What are Hallwright’s chances at an appeal?

Although the ERA threw out Hallwright’s argument for reinstatement, there is a chance the Employment Court could take a different view.

If he appeals, the Employment Court would rehear the entire case without reviewing, or taking into account, the authority’s decision.

Mr Rooney says it is not unusual to see Employment Court judges give a determination that is completely different to the ERA.

“The arguments often get presented differently in the court as the losing party has worked out a different way to present their arguments to court.”

However, Mr Rooney says Hallwright will have to think long and hard about whether an appeal is worth it.

It would be an expensive process – Employment Court hearings usually take twice as long as those before the ERA – so his legal bill would be at least double.

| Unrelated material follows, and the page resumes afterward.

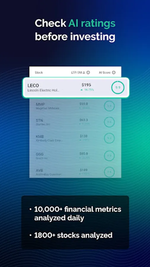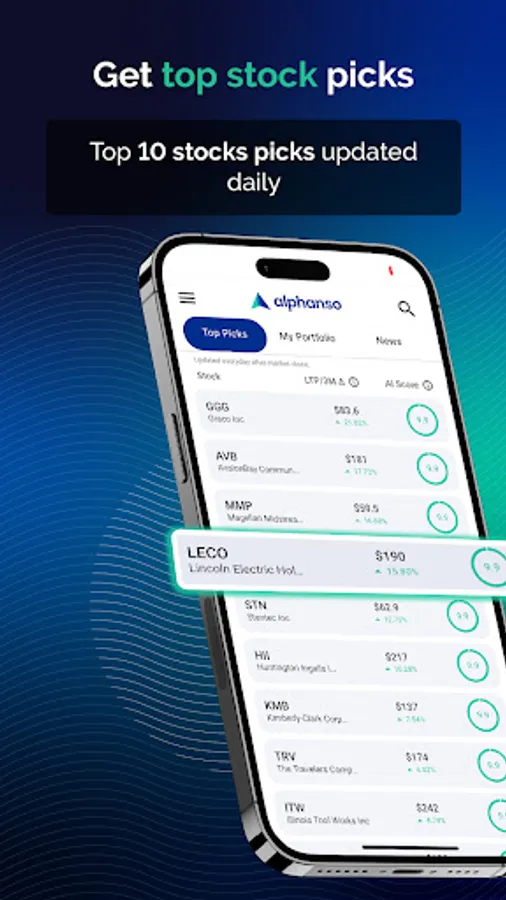 Boost your financial returns with intelligent investing. Alphanso provides you with smart AI recommendations designed for your portfolio. Get your personalized financial advisor and automate your investments with easy and effective stock recommendations powered by AI. Alphanso analyses 10,000+ financial metrics daily per stock to identify market trends early and generate actionable insights in the form of AI scores.
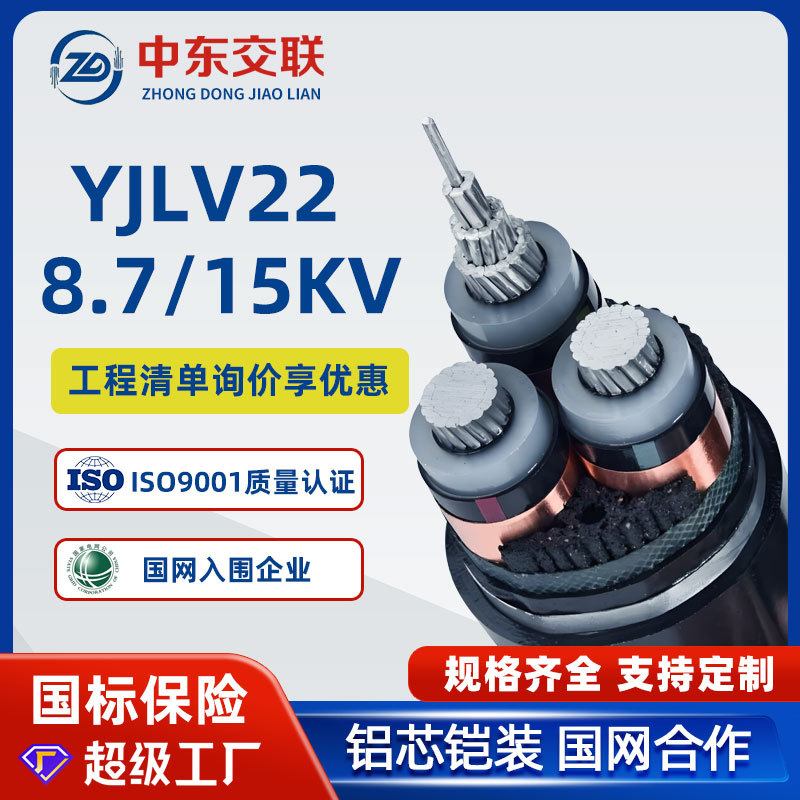 国家標準銅コア高圧装甲 YJV22 8.7/15KV 1 芯 3 芯地下電力ケーブル高圧ケーブル

And while ERA members do not always refer to case law in its determinations, Ms Monaghan had made reference to several leading cases to support her decision.

Ms Mills agreed the law on which which the ERA had relied on in upholding Hallwright’s dismissal appears sound.

Garry Pollak, from Garry Pollak & Co, disagrees.

"I think it's likely the court will overturn it.

"The employer [Forsyth Barr] did not establish it had been brought into disrepute and it has a significant onus of proof in this regard," Mr Pollak says. 

"Can an employer simply dismiss an employee if convicted in the District Court over a matter that has nothing to do with employment? Perhaps if loss is actually established or trust irrevocably broken... but this employee's driving has no link to employment."